# Free Shawl Pattern From Berroco-Schoonheid Shawl



## denisejh (May 20, 2011)

Hi everyone-Berroco featured this free shawl pattern in today's newsletter. Denise http://www.berroco.com/sites/default/files/downloads/patterns/Berroco_FreePattern_Schoonheid.pdf


----------



## Jokim (Nov 22, 2011)

denisejh said:


> Hi everyone-Berroco featured this free shawl pattern in today's newsletter. Denise http://www.berroco.com/sites/default/files/downloads/patterns/Berroco_FreePattern_Schoonheid.pdf


Thank you, Denise. Nice pattern.


----------



## standsalonewolf (Dec 1, 2011)

awesome thank you


----------



## denisejh (May 20, 2011)

Jokim-It was my pleasure! Denise


----------



## denisejh (May 20, 2011)

saw-As always, you're very welcome. Did you have a good Christmas? Our cold weather went a bit nuts here. We went into the 80's during the day and still cold at night.

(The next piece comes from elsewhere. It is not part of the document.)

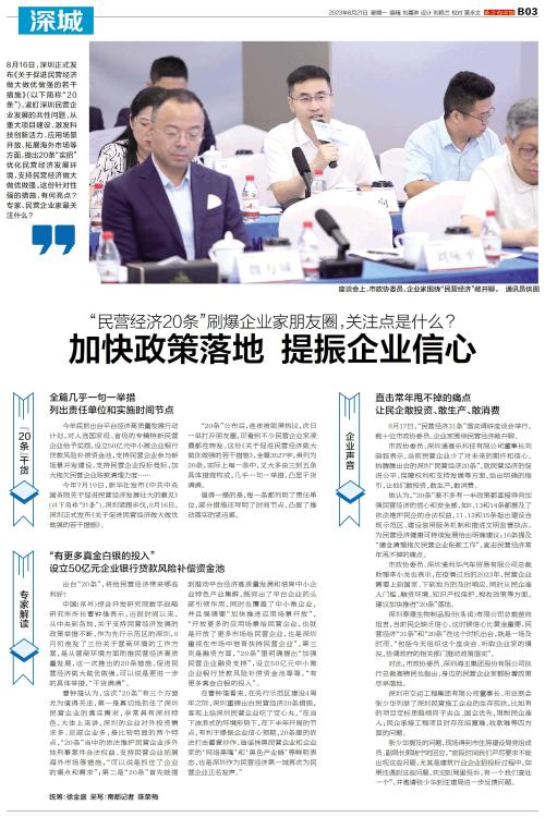 8月16日,深圳正式发布《关于促进民营经济做大做优做强的若干措施》(以下简称“20条”),紧盯深圳民营企业发展的共性问题,从重大项目建设、激发科技创新活力、应用场景开放、拓展海外市场等方面,提出2

Long Beach got a bit windy as well but the 83 degrees on Christmas day sure felt good!We were supposed to be in the mid 70's today but it feels closer to 80 outside right now. Denise


----------



## taypol (Mar 16, 2013)

Thanks Denise. Got it


----------



## run4fittness (May 22, 2011)

nice edging! thanks!


----------



## KnitterNatalie (Feb 20, 2011)

Thanks for sharing!!


----------



## scoobyboo74 (Oct 9, 2013)

Thank you!


----------



## tracey511 (Aug 4, 2011)

Thanks-great pattern!


----------



## pstabach (Sep 17, 2011)

Thanks for posting


----------



## Nancyn (Mar 23, 2013)

nice. thanks, saved this one.


----------



## MacRae (Dec 3, 2011)

This is terrific... Thanks for sharing.


----------



## Roses and cats (Apr 17, 2013)

Thank you for the posting.


----------



## Sallyflymi (Mar 12, 2011)

Thank you for sharing. What a lovely shawl.


----------



## GrannyH (Jul 4, 2011)

Did I read the pattern correctly? It appears to start at a smaller width and end at a larger width? Not the usual triangular or rectangular shape?


----------



## middlec (Jul 2, 2013)

Thank you for sharing, it is so pretty! Happy New Year!


----------



## denisejh (May 20, 2011)

GrannyH-I haven't had a chance to do more than a fast skim-over of the directions. I know what I read did say an Interesting triangular shawl. Denise


----------



## denisejh (May 20, 2011)

Ladies-You are all very welcome. It was my pleasure to find and post the link for you! Denise


----------



## CathyG13 (Mar 1, 2013)

Thank you for the link. This is a delightful looking shawl. Looks really warm. Downloaded the pattern. :thumbup:


----------



## rovingspinningyarn (Mar 24, 2013)

Thank You for sharin' the lovely pattern.


----------



## brdlvr27 (Nov 12, 2011)

Very nice pattern - Thank you very much


----------



## CamillaDesertMouse (Mar 19, 2011)

Simple but elegant.

Thanks Denise


----------



## denisejh (May 20, 2011)

My pleasure, ladies! Denise


----------



## Mrear (Dec 10, 2013)

I would like a free pattern for a knitted cape


----------



## Mrear (Dec 10, 2013)

I would like a free pattern for a knitted cape


----------



## denisejh (May 20, 2011)

Mrear-Here's a link that might help. Also, if you Google/Yahoo search free cape knitting pattern, you'll find other links to check out. Denise http://voices.yahoo.com/free-knitting-patterns-ladies-capes-6852944.html


----------